On covariance matrix

Last Update:2018-08-20 Source: Internet

Author: User

Developer on Alibaba Coud: Build your first app with APIs, SDKs, and tutorials on the Alibaba Cloud. Read more ＞

first, the basic concept of statistics

The most basic concept in statistics is the mean, variance and standard deviation of the sample. First, we give a set of n samples, and the formula for these concepts is described below:

Mean value:

Standard deviation:

Variance:

The mean value describes the middle point of the sample set, which tells us that the information is finite, and the standard deviation describes the average of the distance from each sample point of the sample set to the mean value.

Take these two sets for example, [0, 8, 12, 20] and [8, 9, 11, 12], two sets of the mean is 10, but obviously two sets of the difference is very large, calculate the standard deviation, the former is 8.3, the latter is 1.8, it is obvious that the latter is more concentrated, so its standard deviation is described in this "Dispersion degree". This is divided by n-1 rather than n because it allows us to better approximate the overall standard deviation with a smaller set of samples, known as the "unbiased estimate" statistically. And the variance is just the square of the standard deviation.

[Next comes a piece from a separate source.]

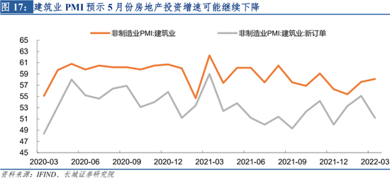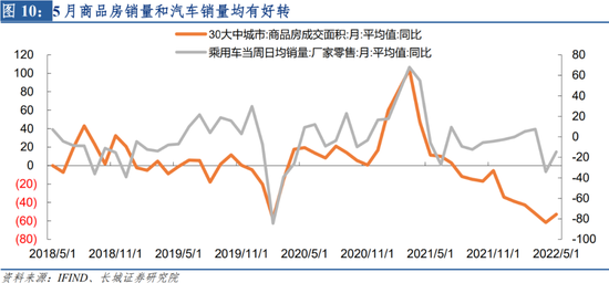 从5月份已更新的高频数据来看,5月份30大中城市商品房销售面积单月同比降幅已经开始缩窄,照此趋势,5月份商品房销售面积累计增速可能将触底回弹。我们认为房地产政策放松力度与广度都仍有空间,尤其是一线二线城市。下半年房地产销售仍可能逐步回升,二、三季度商品房销售面积累计同比增速可能分别为-13.2%、-5.4%,年底有望回升至-2%左右。我们在《20220330二季度宏观报告》中预计全年房地产销售面积同比可能在0%左右,但一方面各地房地产放松力度、降息程度低于我们预期;另一方面疫情影响商品房成交,因此我们下调了对下半年房地产销售的预期。

Second, why the need for covariance

Standard deviation and variance are generally used to describe one-dimensional data, but in real life we often encounter data sets containing multidimensional data, the simplest is that everyone in school will inevitably have to count a number of subjects in the exam results. In the face of such a dataset, we can of course compute its variance independently of each dimension, but usually we want to know more about the extent to which a boy's degree of indecency is related to the popularity of a girl. Covariance is such a statistic used to measure the relationship of two random variables that we can emulate the definition of variance:

To measure the degree to which each dimension deviates from its mean, the covariance can be defined as:

What is the point of covariance results? If the result is positive, the two are positively correlated (the definition of "correlation coefficient" can be drawn from covariance), which means that the more wretched a person is, the more popular The girl is. If the result is negative, it means that the two are negatively correlated, the more wretched the girl the more annoying. If 0, then there is no relationship between the two, the wretched not wretched and girls like there is no association between, is the statistical said "mutual independence."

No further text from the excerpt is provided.